Nasal Breathing Gives Coaches a Practical Tool for Stress Regulation
Chi Kim, CEO of Pure Edge Inc., argues that nasal breathing gives coaches and adults around teams a simple way to recognize and regulate stress before it shapes attention, decision-making, and behavior. In her talk, she links pressure to a narrowing of physiological and cognitive capacity, then presents counted breathing through the nose as a route back toward parasympathetic activation and steadier presence. Her point is deliberately practical: before correcting an athlete or reacting to a play, adults should manage the state they bring into the team environment.

Stress narrows the body before it narrows the game
? chi-kim framed nasal breathing as a practical tool for coaches, athletes, and adults around teams: a way to notice physiological stress and influence the state from which decisions and reactions emerge. She made the room feel the mechanism first.
Kim asked participants to tighten their muscles “as tightly as you can,” hold their breath, and “suffer a little longer.” Then she had them raise their hands and exhale as they lowered them. The point was the contrast: under pressure, the body changes before people are fully aware of what has changed.
A slide showed a medical-style profile illustration of a brain with a bright red area glowing in the lower central region. Kim described this as “your brain under pressure.” She then pointed to the front region of the brain, identifying it as the prefrontal cortex — the area she associated with decision-making, creativity, and emotion regulation. Under stress, she said, that region “actually just goes quiet.”
That matters in sport because practiced skills still have to be available in pressure moments. Kim connected the biology to coaching: whether in “pee wee soccer or something else,” teams can practice a skill repeatedly, but when the body is in stress, attention and decision-making can narrow. She referred to research on attention under stress, describing it as a kind of blindness: people can become unable to see what they need to see in the moment.
The route back, Kim argued, can begin with something simple enough to be overlooked — breathing through the nose.
The intervention was deliberately small: breathe through the nose
Kim’s core instruction was a brief, bodily practice. A black slide displayed a single word in white capital letters: “BREATHE.” She told the room they would focus on the nose and “a couple of other things,” then led a nasal-breathing sequence.
The exercise used only the nose. Participants inhaled and exhaled in counted intervals, gradually lengthening the breath. Kim counted them through rounds that included “inhale one,” “exhale one,” then longer counts: “inhale one, two,” “three, two, one,” and eventually “inhale one, two, three, four.” The purpose, she said, was to elongate the breath.
Afterward she told participants to let their breathing return to normal and offered a bodily marker to notice.
If you have a small pool of saliva collecting inside your mouth, you’ve just activated your parasympathetic nervous system.

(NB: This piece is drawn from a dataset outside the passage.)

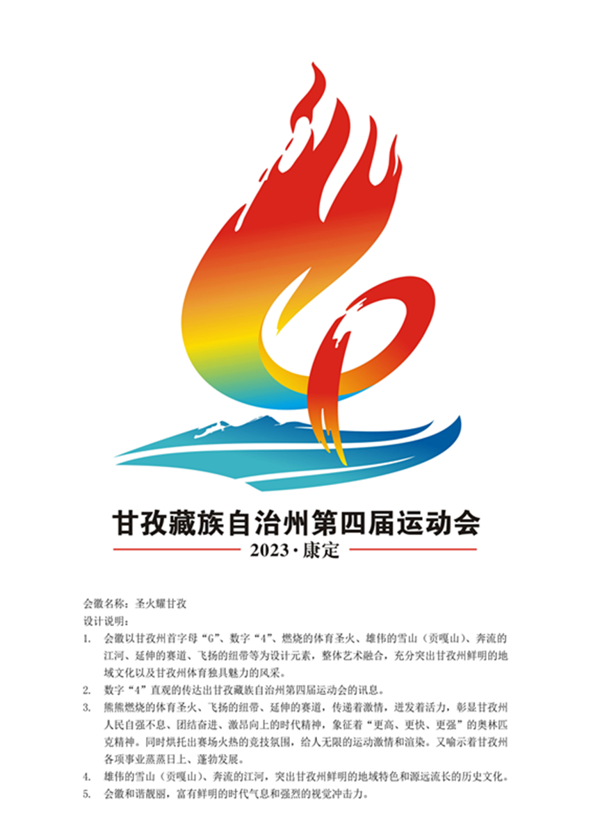 據(jù)王拓進介紹,會徽設(shè)計靈感來自網(wǎng)上看到的貢嘎雪山,所以作品以甘孜州首字母“G”、數(shù)字“4”、燃燒的體育圣火、雄偉的雪山(貢嘎山)、奔流的江河、延伸的賽道、飛揚的紐帶等為設(shè)計元素。數(shù)字“4”直觀地傳達(dá)出甘孜州第四屆運動會的訊息;雄偉的雪山(貢嘎山)、奔流的江河,突出甘孜州鮮明的地域特色和源遠(yuǎn)流長的歷史文化;熊熊燃燒的體育圣火、飛揚的紐帶、延伸的賽道,傳遞著激情、迸發(fā)著活力,彰顯甘孜州人民自強不息、團結(jié)奮進、激昂向上的時代精神,象征著“更高、更快、更強”的奧林匹克精神,同時烘托出賽場火熱的競技氛圍,給人無限的運動激情和渲染,又喻示著甘孜州各項事業(yè)蒸蒸日上、蓬勃發(fā)展。

Kim described nasal breathing as a fast route back toward parasympathetic activation and homeostasis. In her account, the practice was a way to move the nervous system from a pressure response toward regulation.
Regulation is individual, but coaches make it social
? chi-kim moved from self-regulation to co-regulation. In a room addressed to coaches and athletes, the practical implication was that the presence an adult brings to a team does not remain private.
She told the audience that the group had “collectively in this room” co-regulated through the breathing exercise. Then she tied that experience to coaching presence: “the presence that you bring to your team,” she said, spreads.
It spreads like wildfire.
The claim was not presented as a complicated intervention. It was about what coaches and adults carry into the space around athletes. If the adult on the sideline is under pressure — with narrowed attention and reduced access to the capacities Kim associated with the prefrontal cortex — that presence can spread. If the adult can use breath to return toward homeostasis, Kim suggested, the presence around the team changes.
A later visual showed a profile illustration of a brain with a glowing heart superimposed at the center. Kim used that image to describe homeostasis as connecting “our head and heart.” Her point was operational: regulation helps reconnect the capacities people need when they are trying to decide, respond, and lead under pressure.
The nose is a tool no one has to buy
? chi-kim repeatedly emphasized agency. At the start, she told the room they would have “complete agency over our own bodies.” Near the end, she turned the same point into a warning against commodification.
If someone tries to monetize your nasal breathing, just back away.
The line was partly humorous, but it carried the talk’s practical boundary. Nasal breathing was presented as accessible and immediate. Kim added that “no AI is going to take over,” while also pointing the audience to free resources from Pure Edge, Inc.
A slide titled “Brain Breaks by Pure Edge” listed a free mobile app with animated videos for ages 4 and up, in eight languages including ASL, with the ability to save favorites. The slide also showed “BREATHE MOVE REST,” QR codes, and a download path through app stores or linktr.ee/PureEdge. Kim also mentioned a series called “Let’s Play,” describing it only as “a series of animations that actually just talk about nothing.”
The larger message was that coaches and adults working with children can use brief practices to interrupt stress physiology without waiting for specialized equipment, a paid product, or a formal program. Kim asked the audience to remember “one simple thing,” the nose — a part of the body that “doesn’t get a whole lot of attention,” but, in her account, gives people a direct way to influence how they show up.